World Bank: Croatian Growth to Accelerate to 3% in 2024

Lauren Simmonds

croatian growth

April the 14th, 2024 – Good news about Croatian growth from the World Bank as they estimate the rate to accelerate to three percent this year.

As Ana Blaskovic/Poslovni Dnevnik writes, the World Bank expects that Croatian growth in terms of the economy will accelerate to three percent in 2024. According to them, this will primarily be a result of the spillover of positive developments from 2023, strengthening external demand and a more expansive fiscal policy. The Croatian economy does continue to show resilience, and with GDP growth of 2.8 percent in 2023, it remained far above the European Union (EU) average.

This is mainly a consequence of the fast-growing tourism sector and a strong inflow of funds from the EU, a stimulating fiscal policy, a strong labour market and a large inflow of workers’ remittances from abroad. All of this rapidly stimulated stable growth in terms of personal consumption, according to the World Bank’s report on emerging and developing countries across Europe and Central Asia.

Croatian growth: real income

“In addition to all of the above, Croatian growth will be stimulated by a relatively high share of companies reporting labour shortages and large wage increases. That will further contribute to real income growth. Inflation will continue to decline and gradually approach the ECB’s target level of almost 2 percent by early 2025, but risks do and will continue to remain due to the pressures placed on wage growth,” the World Bank pointed out.

They predict that economic activity in emerging and developing markets across the Europe and Central Asia region will probably slow down this year. This is because the overall weak global economy, a tighter monetary policy, the slowdown of the Chinese economy and lower commodity prices will reduce the prospects for its growth.

“Growth in the region is likely to slow to 2.8 percent this year after a substantial increase to 3.3 percent in 2023 as the economies of Russia and war-torn Ukraine begin to grow again.
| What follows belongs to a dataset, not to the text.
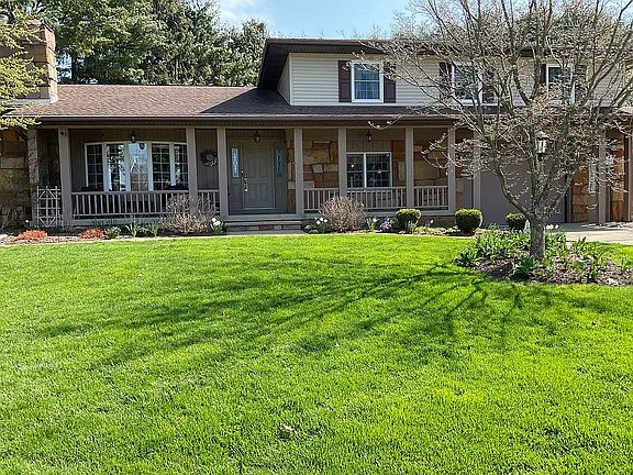 House plus separate 3600 square foot building on 2 acres near the heart of Amish country in Northeastern Ohio. Custom built multi-level home featuring Briar Hill stone, rough sawn cedar& vinyl siding. Home has hot water heat powered by Natural Gas & Quadrafire wood burner insert in the N. Carolina White Mt. Stone fireplace in living room which features cedar beams & Amish- built bookcases. Sliding glass doors open to a private covered patio. Dinning room has Amish-built China cabinet & sliding glass doors opening to dual level deck with newer composite flooring-very private with mature pine trees for lots of shade. Kitchen features new vinyl flooring, new KitchenAid dishwasher 36" Thermador 5 burner stainless cooktop & double oven. Handy 5 seat-eat in bar. 5 steps down from kitchen is a cozy den, 1/2 bath & laundry. In-home office has Mullet desk and bookshelves. Three good sized bedrooms are up stairs along with a full size bath w/soaker tub; master suite with 3 closets including a walk-in plus an additional linen closet. Off the master is a full bath with large walk-in shower. A bonus room directly across the hall would make a perfect nursery or sewing room. The finished basement features 10 foot ceilings, Berber carpet plus some linoleum. Lots of storage including separate enclosed root cellar, furnace room and large closet with water softener, well pressure tank, water filter and newer on-demand water heater. Attached garage features new epoxy flooring & large enclosed storage room. The 3600 sq ft building offers lots of possibilities: the 600 sq ft shop is dust collector-ready & was used as a wood working shop. It is fully insulated & drywalled. In floor hot water heat is powered by NG. The 1600 sq ft office was our Chiropractic Office & also has in floor hot water heat backed up by it's own electric Heat pump & central air. Could easily be converted into a B&B or in-law suite. This building also has a 24x28 sq ft two car garage.

It’s also owing to a considerably stronger recovery across Central Asia,” the World Bank said.

inflation slowdown

Across emerging and developing markets in the Europe and Central Asia region, inflation decreased more quickly than expected. This was primarily owing to a sharp drop in energy and food prices. Median annual inflation in the region had decreased from 15 percent back in early 2023 to 4.2 percent by February 2024. Regardless, the 2022 cost-of-living crisis continues to affect households regardless of the fact that real income increased last year, they noted.

When it comes to individual countries, the World Bank expects Ukraine’s recovery to slow to 3.2 percent this year, from 4.8 percent in 2023, as a reflection of a weaker harvest and continued labour shortage. They also noted that Ukraine’s economic prospects currently largely depend on donor support and the duration of the war.

According to recent estimates by the World Bank and partner institutions, the cost of reconstruction and recovery of Ukraine has increased to 486 billion USD, which is more than twice the size of its pre-war economy in 2021, it was pointed out.